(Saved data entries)

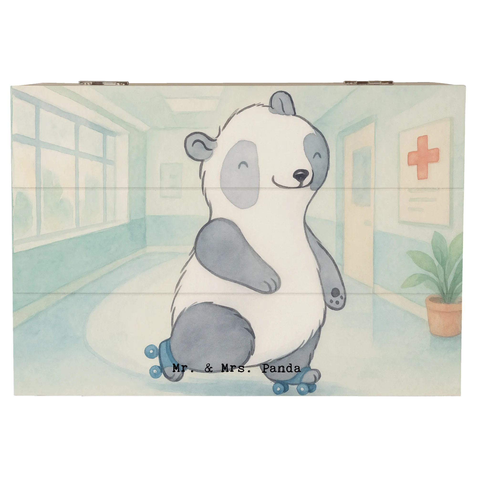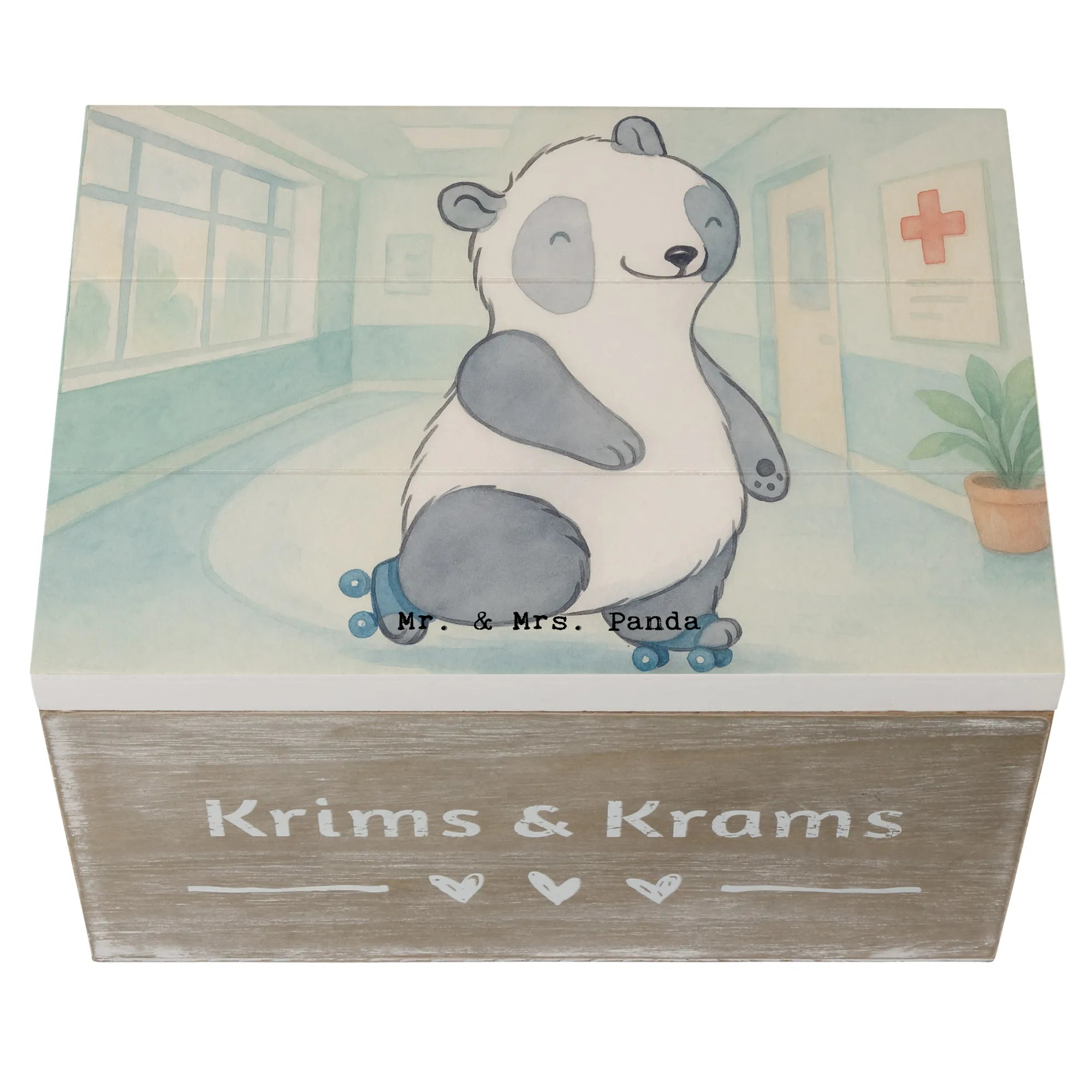 Holzkiste Panda Inliner fahren Design - 22 x 15 cm
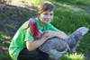 “My birds live a happy life. They breed naturally and my mom helps us hatch them in an incubator in our kitchen. I love to see them hatch, the babies as so cute!” says Christopher. “I like raising turkeys and I defiantly have favorite birds. My breeding tom is named Bobo and he follows me around like a dog. He also has the annoying habit of attacking peoples shoes, especially red ones.”
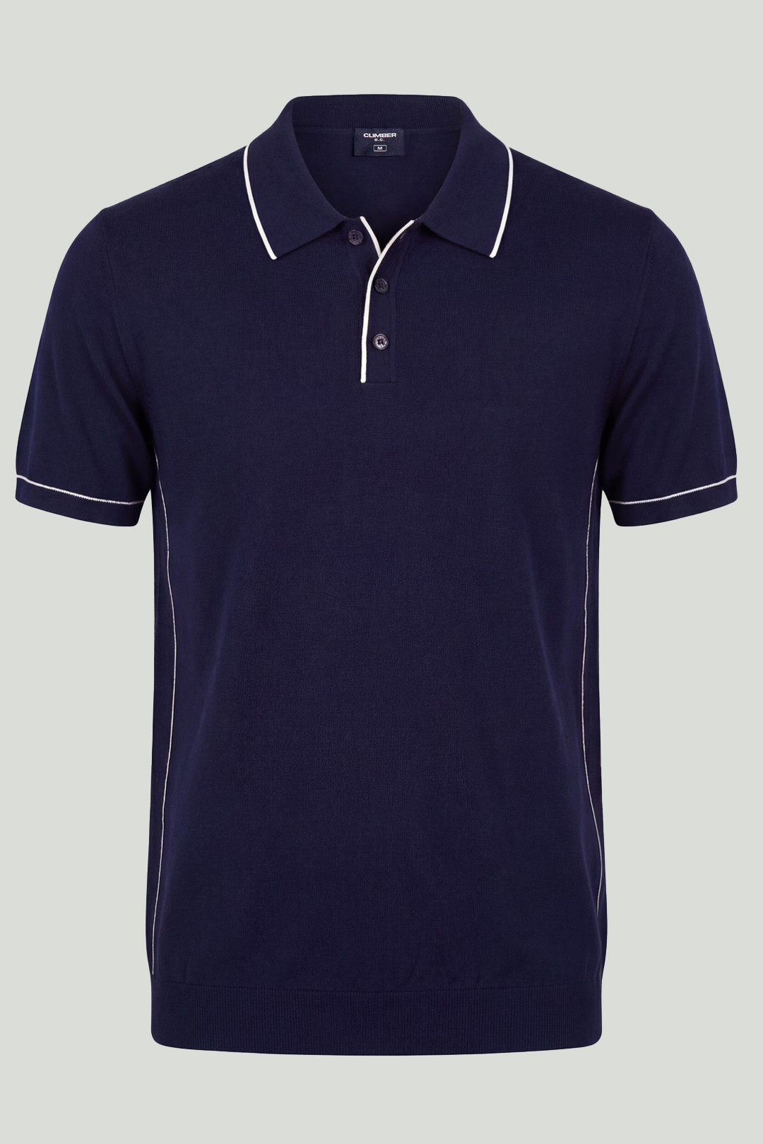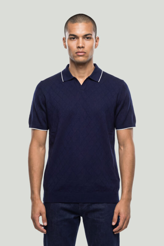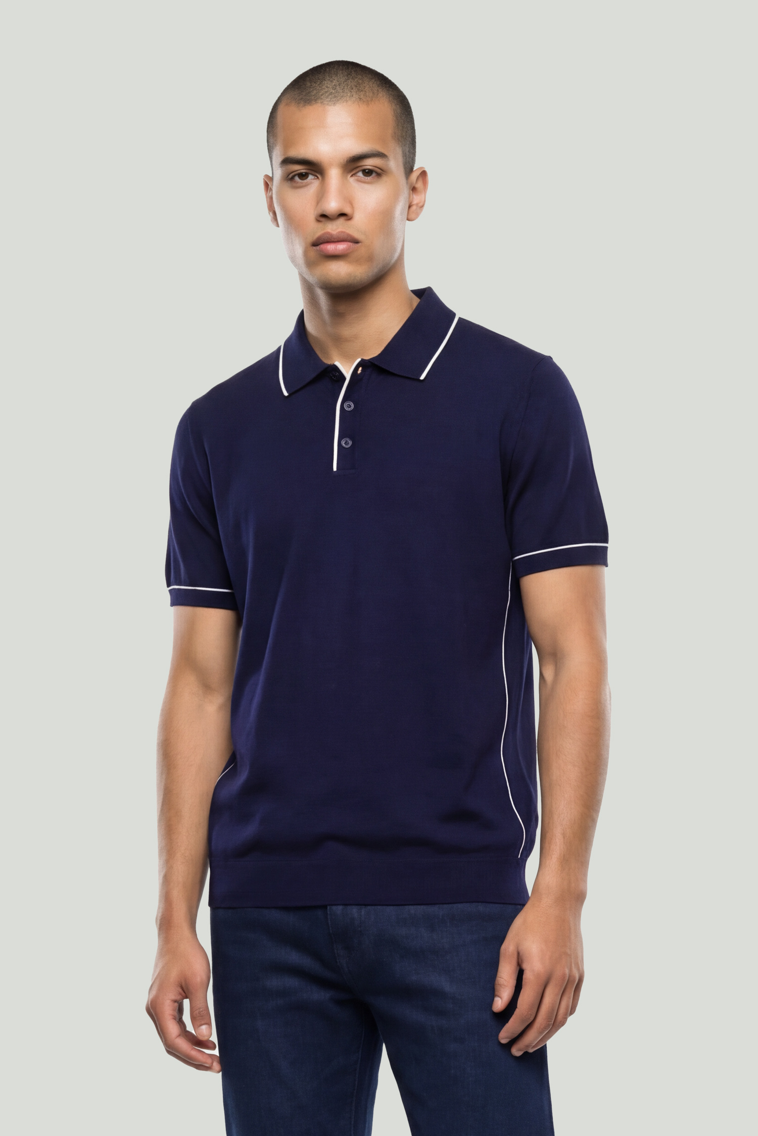 Featuring modern lines and refined contrast details, this navy knit polo offers a fluid and comfortable feel thanks to its rayon blend construction. Its clean form and subtle stripe accents reflect understated elegance with a strong, modern attitude.
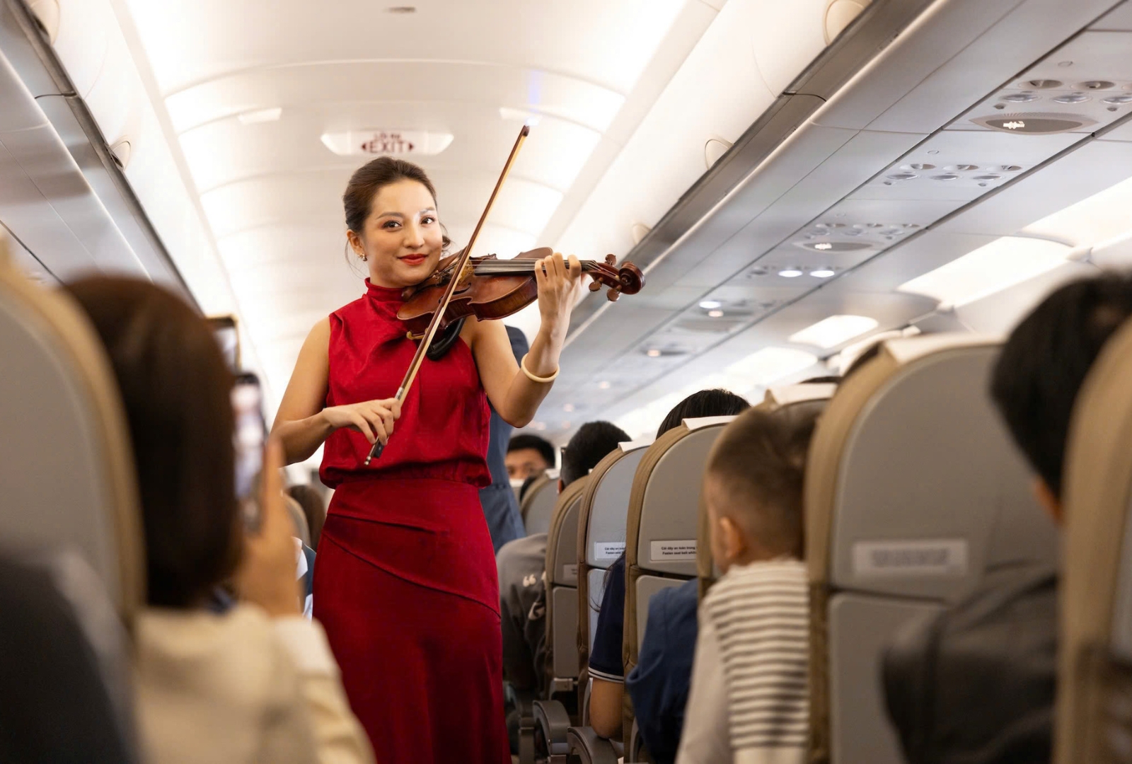 Giữa không trung, tiếng đàn violin mềm mại vang lên. Không khí khoang bay bỗng lặng đi một chút, không ai nói gì, chỉ có những nụ cười. Đó là món quà bất ngờ của chuyến bay đầu tiên: một bản nhạc giữa tầng mây, khơi gợi cảm xúc yên bình và niềm vui giản dị.
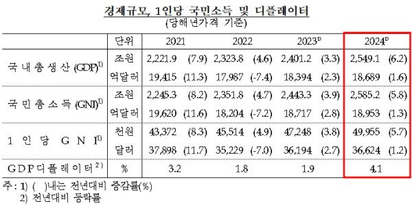 - 물가상승분을 포함한 2024년 명목 국내총생산은 2549조1천억 원, 달러 기준 1조8689억 달러로 2023년보다 각각 6.2%, 1.6% 성장했다.
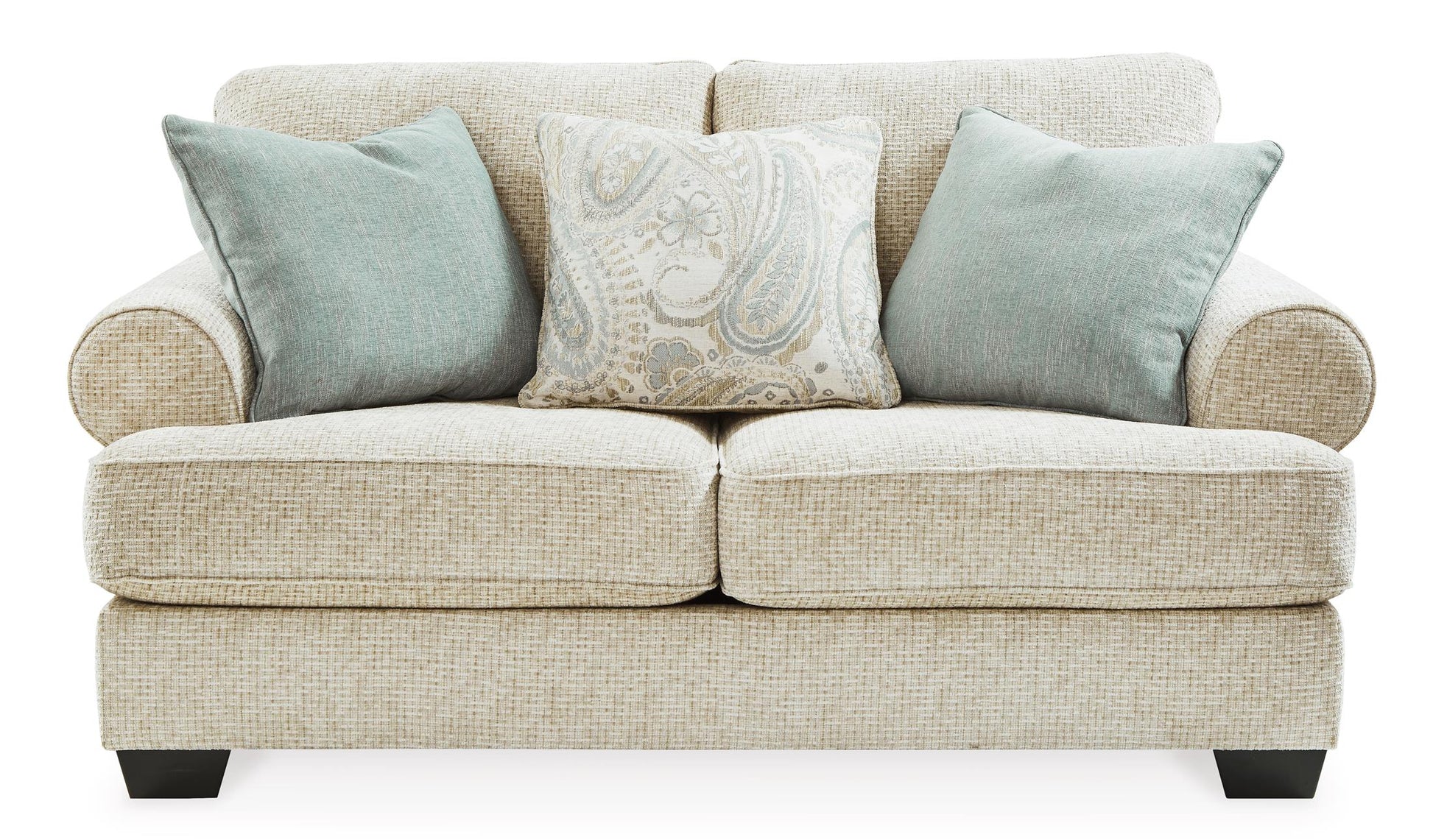 This loveseat strikes a beautiful balance between classic and current. Its traditional elements include t-cushion seating and setback roll arms, angled for modern flair. Posh pillows in spa mist and jacquard paisley make a muted, mellow complement to the loveseat’s casual textured chenille upholstery. And the choice of sandstone beige is a light and lovely style awakening.
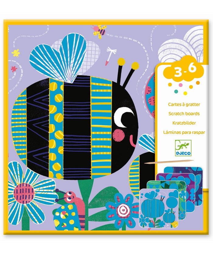 Mit dem Kreativ-Set ‚Käfer‘ von Djeco erhält du für deinen kleinen Künstlernachwuchs 4 Motivvorlagen mit verschiedenen bunten Käfern und Bienchen. Dazu gehört außerdem noch ein Kratzstift aus Holz. Mit ihm legen die Kids ab 3 Jahren die bunten Bilder frei. Perfekter Bastelspaß für trübe Tage!

Assignment — Each line of the records above must be repeated exactly, but no picture belongs in the copy.

Expected output —
 Holzkiste Panda Inliner fahren Design - 22 x 15 cm
 “My birds live a happy life. They breed naturally and my mom helps us hatch them in an incubator in our kitchen. I love to see them hatch, the babies as so cute!” says Christopher. “I like raising turkeys and I defiantly have favorite birds. My breeding tom is named Bobo and he follows me around like a dog. He also has the annoying habit of attacking peoples shoes, especially red ones.”
 Featuring modern lines and refined contrast details, this navy knit polo offers a fluid and comfortable feel thanks to its rayon blend construction. Its clean form and subtle stripe accents reflect understated elegance with a strong, modern attitude.
 Giữa không trung, tiếng đàn violin mềm mại vang lên. Không khí khoang bay bỗng lặng đi một chút, không ai nói gì, chỉ có những nụ cười. Đó là món quà bất ngờ của chuyến bay đầu tiên: một bản nhạc giữa tầng mây, khơi gợi cảm xúc yên bình và niềm vui giản dị.
 - 물가상승분을 포함한 2024년 명목 국내총생산은 2549조1천억 원, 달러 기준 1조8689억 달러로 2023년보다 각각 6.2%, 1.6% 성장했다.
 This loveseat strikes a beautiful balance between classic and current. Its traditional elements include t-cushion seating and setback roll arms, angled for modern flair. Posh pillows in spa mist and jacquard paisley make a muted, mellow complement to the loveseat’s casual textured chenille upholstery. And the choice of sandstone beige is a light and lovely style awakening.
 Mit dem Kreativ-Set ‚Käfer‘ von Djeco erhält du für deinen kleinen Künstlernachwuchs 4 Motivvorlagen mit verschiedenen bunten Käfern und Bienchen. Dazu gehört außerdem noch ein Kratzstift aus Holz. Mit ihm legen die Kids ab 3 Jahren die bunten Bilder frei. Perfekter Bastelspaß für trübe Tage!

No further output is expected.